Kane again vows to release notorious emails — but won’t say when

     Pennsylvania Attorney General Kathleen Kane has again said she will release pornographic emails exchanged among workers in the office. (AP file photo)

    Pennsylvania Attorney General Kathleen Kane has again said she will release pornographic emails exchanged among workers in the office. (AP file photo)

    A spokesman for Pennsylvania’s Attorney General Kathleen Kane has said he doesn’t know when she will follow through on her latest promise to release all uncovered pornographic emails exchanged among current and former employees of the Office of Attorney General.

     

    Chuck Ardo told reporters Tuesday that Kane is no longer concerned about flouting court orders or labor agreements she had referred to as reasons to keep the emails and other recipients confidential.

    “Her concern has faded,” said Ardo.
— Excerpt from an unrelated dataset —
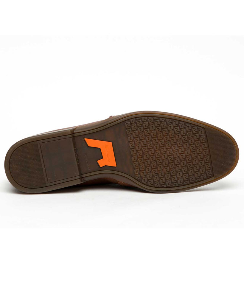 A casual take on the menswear icon, this loafer is characterized by a wide fit for exceptional comfort and a practical rubber sole, elevated with a contrast tread for a flash of Santoni's iconic orange. Crafted from ultra-luxurious deerskin leather, its sophisticated silhouette features classic raised apron stitching and sleek angular edges. Made in Italy.

He added that a “constant” stream of Right-to-Know requests for the emails has led Kane to conclude she must release the unsavory messages in their entirety.

    Ardo gave no timetable for the messages’ release. He could not say how many messages will ultimately be shared, nor did he answer questions about who would be implicated in the raunchy exchanges. Ardo could not define the timeframe of emails unearthed. He said no names would be redacted in the final release, though Kane’s office is reviewing each email to redact confidential investigative material.

    “I can tell you that the chief of staff has been spending a considerable amount of time reviewing these to ensure that information that is intended to be protected remains protected,” said Ardo, referring to Kane’s chief of staff, Jonathan Duecker.

    The attorney general’s latest position is yet another reversal of her stance on the emails. It puts Kane at odds with lawyers within her agency who are engaged in a court dispute to fight the release of the emails. Office attorneys argued before Commonwealth Court last week that the pornographic emails do not meet the definition of public records.

    Kane shared her intentions in a “revised” written statement that was sent hours after her law license was temporarily suspended by the state Supreme Court on Monday.

    “In the wake of the Commonwealth Court hearing, I’ve instructed my office to engage in a comprehensive review of all emails sitting on OAG servers to fully comply with the [Right-to-Know requests]. Our preliminary review has generated emails of government officials, including law enforcement officials and judges, heretofore unknown to us,” she wrote. “These emails will be fully released either as public documents defined by the Commonwealth Court, or at my discretion.”

    The license suspension takes effect in 30 days. The high court was petitioned to file an emergency suspension of Kane’s law license in light of criminal charges filed against her last month.

    The attorney general is accused of forking over secret investigative material to a newspaper in an attempt to seek revenge on her detractors. She faces a felony perjury charge for allegedly lying about the ordeal under oath. Kane has said she’s innocent of the charges, and in a speech last month said her official capacity is under attack from people who don’t want her to release pornographic emails that implicate them.

    The emails Kane said she’ll release were uncovered last year by the office of attorney general during a review of the Jerry Sandusky prosecution. Ardo said the search for inappropriate emails has since uncovered additional messages.

    Since last August, Kane has released some of the pornographic emails to the state Supreme Court and to the press – moves that have led to forced resignations and reprimands for current and former employees of her office.

    Recently, the Supreme Court obliged a request from Kane to release emails she had submitted to the court that show her top foes, including former state prosecutor Frank Fina and Marc Costanzo, were involved in the raunchy email chains.

    Fina and Costanzo, now employed by the Philadelphia District Attorney’s Office, have been told to attend sensitivity training.